THE INPUT START
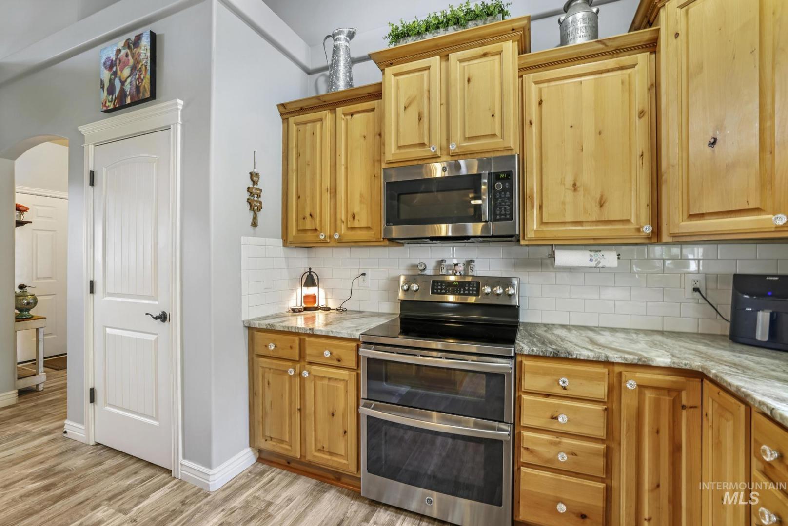 This beautifully updated single-level home offers 4 bedrooms, 2.5 bathrooms, and a spacious 3-car garage. Inside, you`ll love the soaring ceilings and open floorplan, ideal for comfortable living and entertaining. Need an office? Easily use one of the 4 bedrooms! Recent upgrades include luxury vinyl plank flooring, fresh interior paint, modern light fixtures, stylish ceiling fans, and a brand-new front door. The kitchen shines with stunning leathered granite countertops, combining beauty with functionality. Relax outdoors on the inviting covered front porch or the private covered back patio. Move-in ready and full of thoughtful updates, this home is ready to welcome its new owner!
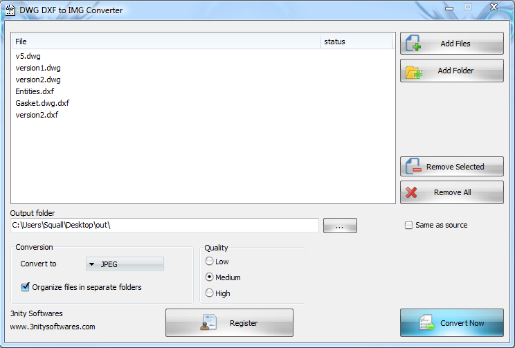 DWG DXF to Images Converter is a batch converter that allows you to convert DWG and DXF files to TIF (TIFF), JPG (JPEG), BMP, GIF, PNG, SVG, CGM, WMF and EMF formats without the need for AutoCAD.
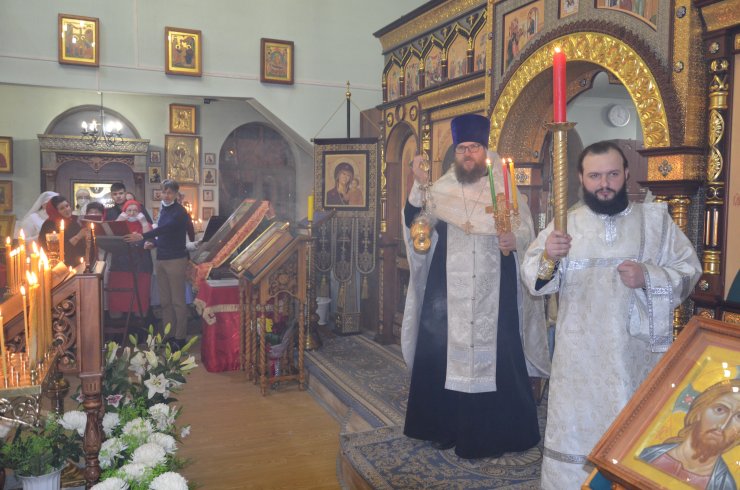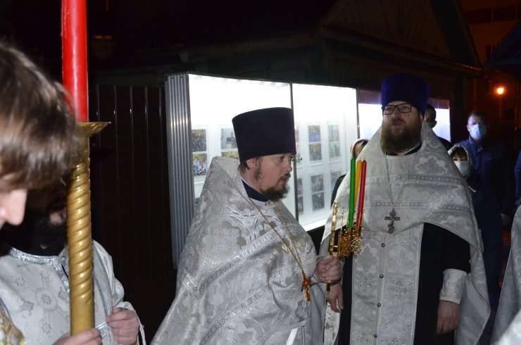 Полунощницу, Крестный ход, Пасхальную заутреню и Божественную Литургию возглавил настоятель Знаменского храма иерей Леонид Бартков. Его Преподобию сослужили клирики храма: иерей Андрей Зотов, иерей Константин Мемячкин, иерей Тарасий Борозенец, диакон Александр Фокин. После праздничного Богослужения, закончившегося в три часа ночи, отец Леонид освятил артос, затем зачитал Пасхальные послания Святейшего Патриарха Московского и всея Руси Кирилла и митрополита Ханты-Мансийского и Сургутского Павла.
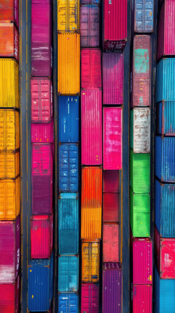 A vibrant display of shipping containers stacked in a container yard, showcasing the interplay of color and industrial structures while emphasizing logistics and transport.
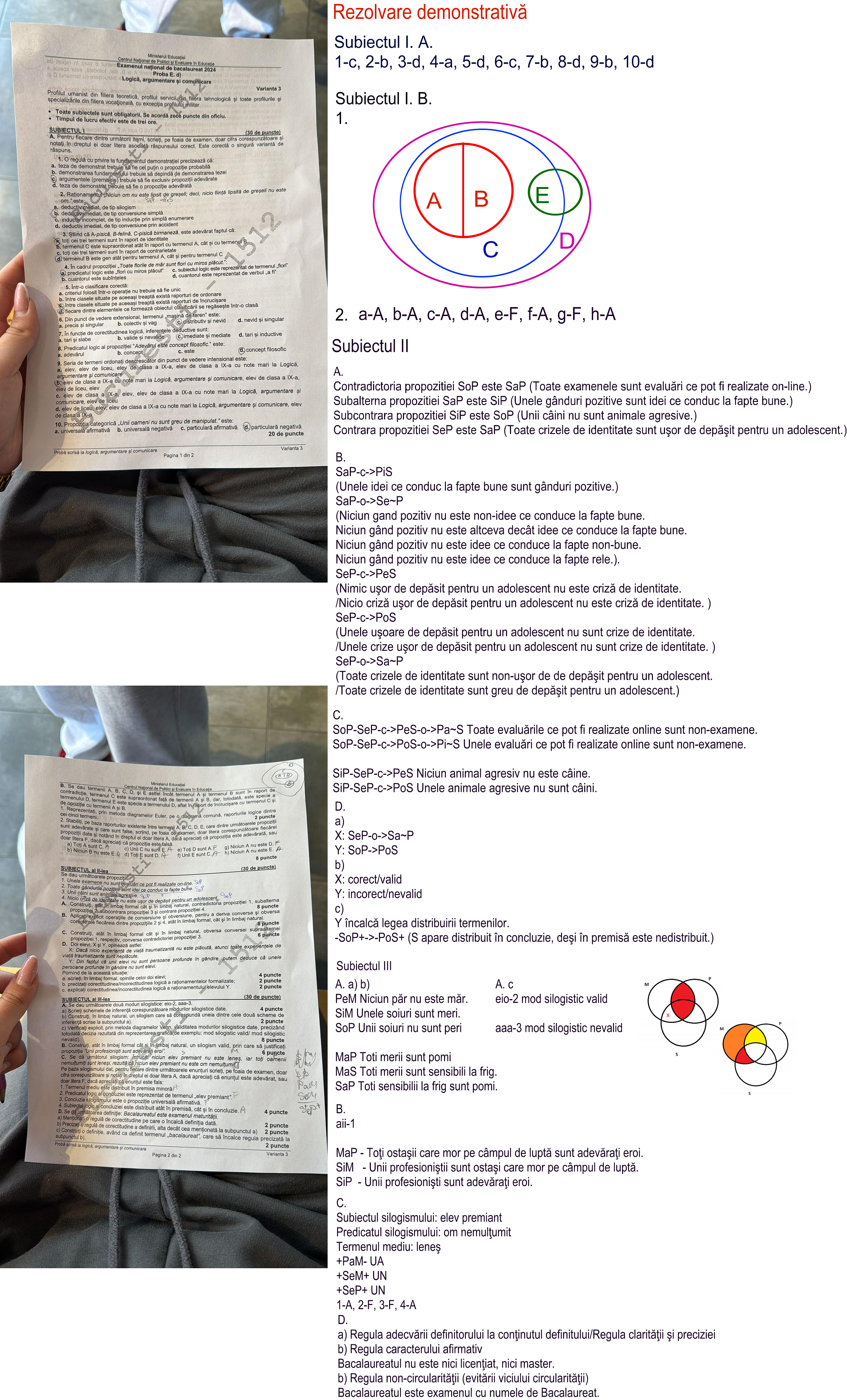 Rezolvare demonstrativă – Logică, argumentare și comunicare, Bac 2024 (sesiunea iunie-iulie)
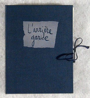 L'Arrière-Garde a été tiré à la main sur Velin d'Arches par l'auteur et l'artiste sur les presses de l'atelier 77, Grande Rue à Neauphle-le-Château. Un exemplaire a été déposé à la Bibliothèque Nationale de Paris en avril 1988. La suite comporte 60 exemplaires auxquels s'ajoutent 15 hors commerce ; les Épreuves d'Artiste, au nombre de 20 sont réservées à la diffusion en feuillets séparés des 3 illustrations accompagnées pour chacune du texte qui lui correspond.
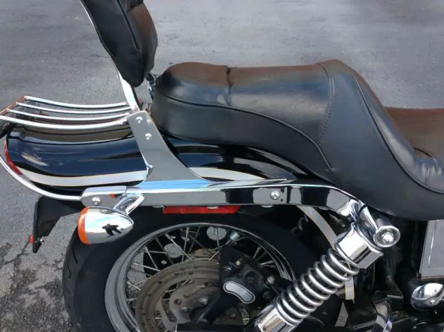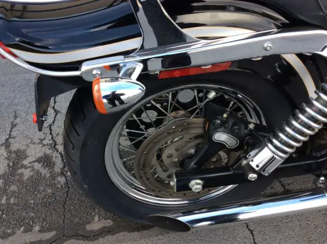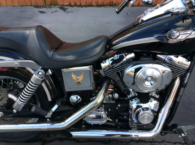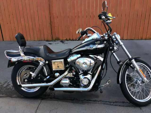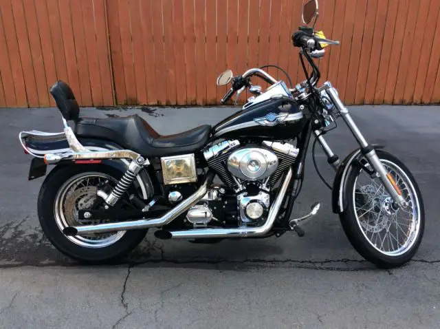 THIS IS A 2003 FXDWG VIVID BLACK ANNIVERSARY DYNA WIDE GUIDE. OUR DEALERSHIP TOOK THIS BIKE IN ON TRADE AND SOME SERVCE WORK WAS DONE. IT HAS A NEW FRONT AND REAR TIRE. NEW REAR BRAKE PADS. 20 K SERVICE. THE EXHAUST HAS BEEN CHANGED TO GIVE THAT GREAT HARLEY SOUND. THERE IS SOME RUST ON THE SIDE OF THE BATTERY COVER. IT HAS A SISSY BAR AND A LUGGAGE RACK FOR YOU TO BE ABLE TO CARRY EXTRA THINGS. THIS BIKE LOOKS GOOD AND RUNS GREAT. OUR PICTURES TRY TO SHOW ALL THE BIKE HOWEVER SOMETIMES THINGS ARE MISSED. IF YOU NEED MORE PICTURES OR HAVE QUESTIONS PLEASE CALL 678-228-8213 OR E-MAIL.
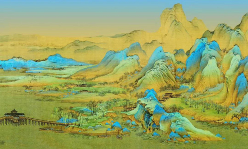 ![]() 據了解,江蘇陽光集團除了為國家冬季運動管理中心設計制作了西服套裝系列以外,同時還設計制作了一套中式禮服系列,服裝的靈感源自中國傳統山水畫《千里江山圖》和冬奧核心圖形中的“賽區山行”。
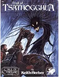 - ↑ Herber, Keith (1984). Trail of Tsathogghua. Cover by Steve Purcell. Albany, CA, USA: Chaosium. ISBN 0-933635-05-2. CHA2308. Retrieved 10 November 2020.
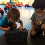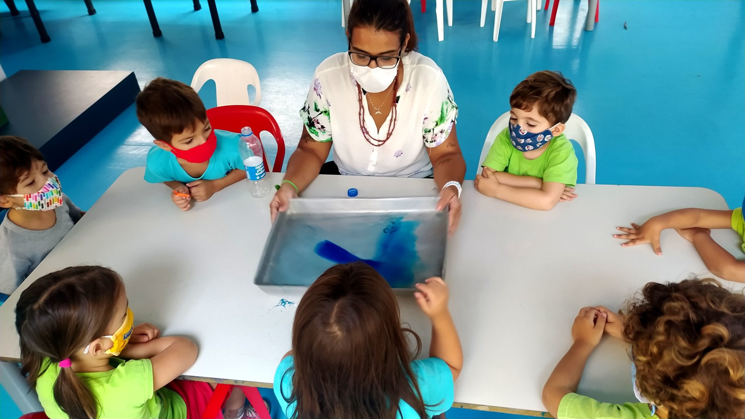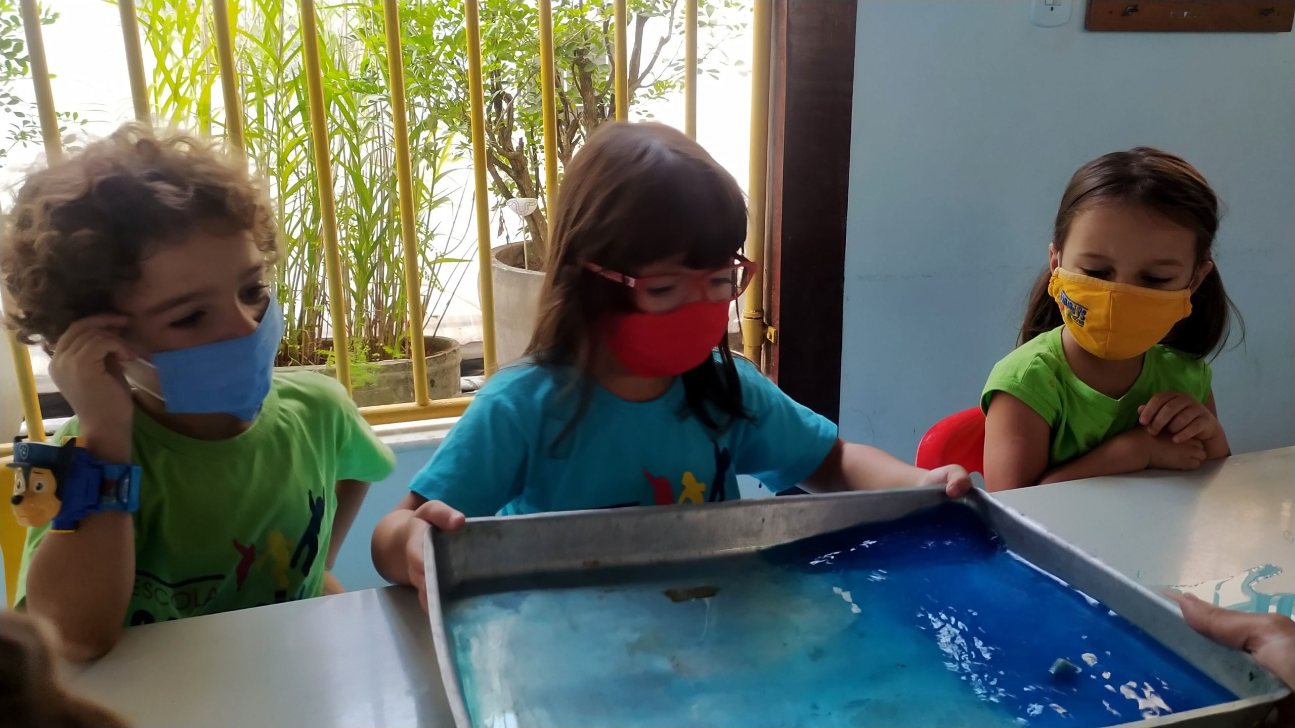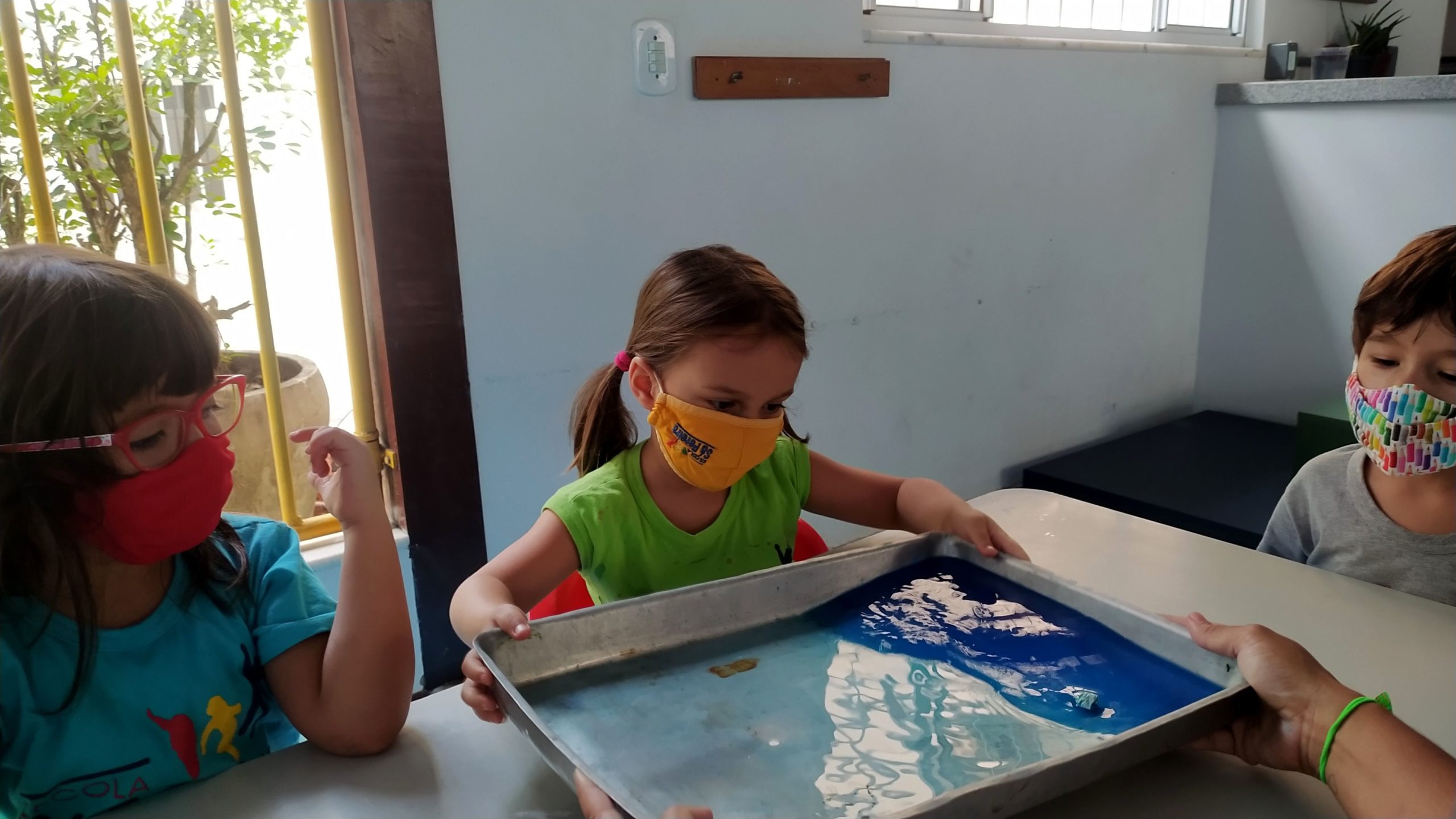Fizemos uma brincadeira divertida e refrescante, que recriou o balanço das ondas. Usamos um tabuleiro com água, bolinha de papel e corante azul, e o objetivo era passar a bolinha de um lado para outro.
THE INPUT END
**DIRECTIONS FOR THIS TASK:**
Output only the lines above from the one containing "DWG DXF to Images" to the one containing "Rezolvare demonstrativă –", both included, exactly as written and with no pictures.

**SOLUTION TO THIS TASK:**
 DWG DXF to Images Converter is a batch converter that allows you to convert DWG and DXF files to TIF (TIFF), JPG (JPEG), BMP, GIF, PNG, SVG, CGM, WMF and EMF formats without the need for AutoCAD.
 Полунощницу, Крестный ход, Пасхальную заутреню и Божественную Литургию возглавил настоятель Знаменского храма иерей Леонид Бартков. Его Преподобию сослужили клирики храма: иерей Андрей Зотов, иерей Константин Мемячкин, иерей Тарасий Борозенец, диакон Александр Фокин. После праздничного Богослужения, закончившегося в три часа ночи, отец Леонид освятил артос, затем зачитал Пасхальные послания Святейшего Патриарха Московского и всея Руси Кирилла и митрополита Ханты-Мансийского и Сургутского Павла.
 A vibrant display of shipping containers stacked in a container yard, showcasing the interplay of color and industrial structures while emphasizing logistics and transport.
 Rezolvare demonstrativă – Logică, argumentare și comunicare, Bac 2024 (sesiunea iunie-iulie)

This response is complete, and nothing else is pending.